Scientific classification
- Kingdom: Plantae
- Clade: Tracheophytes
- Clade: Angiosperms
- Clade: Monocots
- Order: Alismatales
- Family: Alismataceae
- Genus: Sagittaria
- Species: S. brevirostra
- Binomial name: Sagittaria brevirostra Mack. & Bush
- Synonyms: Sagittaria engelmanniana subsp. brevirostra (Mack. & Bush) Bogin;

= Sagittaria brevirostra =

- Genus: Sagittaria
- Species: brevirostra
- Authority: Mack. & Bush
- Synonyms: Sagittaria engelmanniana subsp. brevirostra (Mack. & Bush) Bogin

Species of aquatic plant

Sagittaria brevirostra, common name Midwestern arrowhead or shortbeak arrowhead, is an aquatic plant species native to North America. It is a perennial herb growing up to 70 cm tall, with arrow-shaped leaves and white flowers.

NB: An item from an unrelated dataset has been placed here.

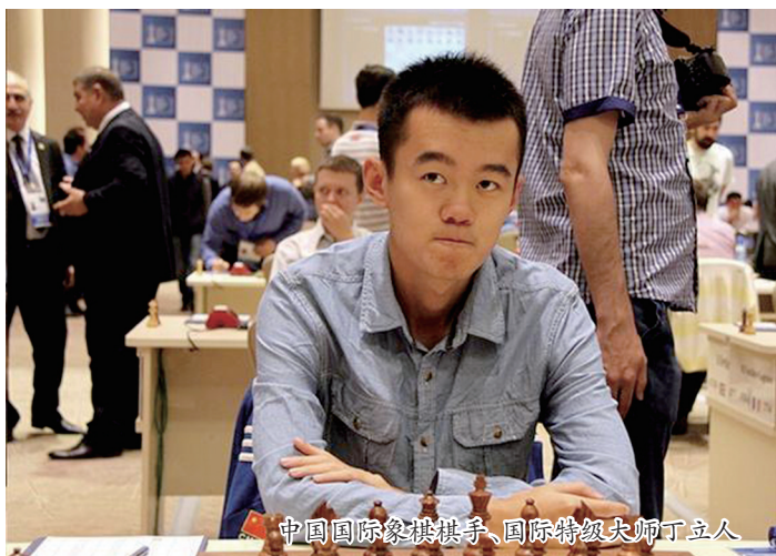
中国国际象棋棋手、国际特级大师丁立人

洛阳棋坛喜迎年度巅峰盛事——“中弘杯”洛阳首届国际象棋公开赛将于12月19日盛大举行。届时中国国际象棋棋手、国际特级大师丁立人应此次主办方之一的中弘卓越集团邀请,将亲临比赛现场,与广大洛阳棋友手谈、交流。

It is common in wet places in an area stretching from Michigan and Ohio south to Alabama and west to North Dakota, Colorado and northern New Mexico, plus isolated populations in Maryland, New Brunswick, Virginia, Saskatchewan and California (Marin County). It can be found growing in shallow water along the edges of ponds, swamps, and waterways.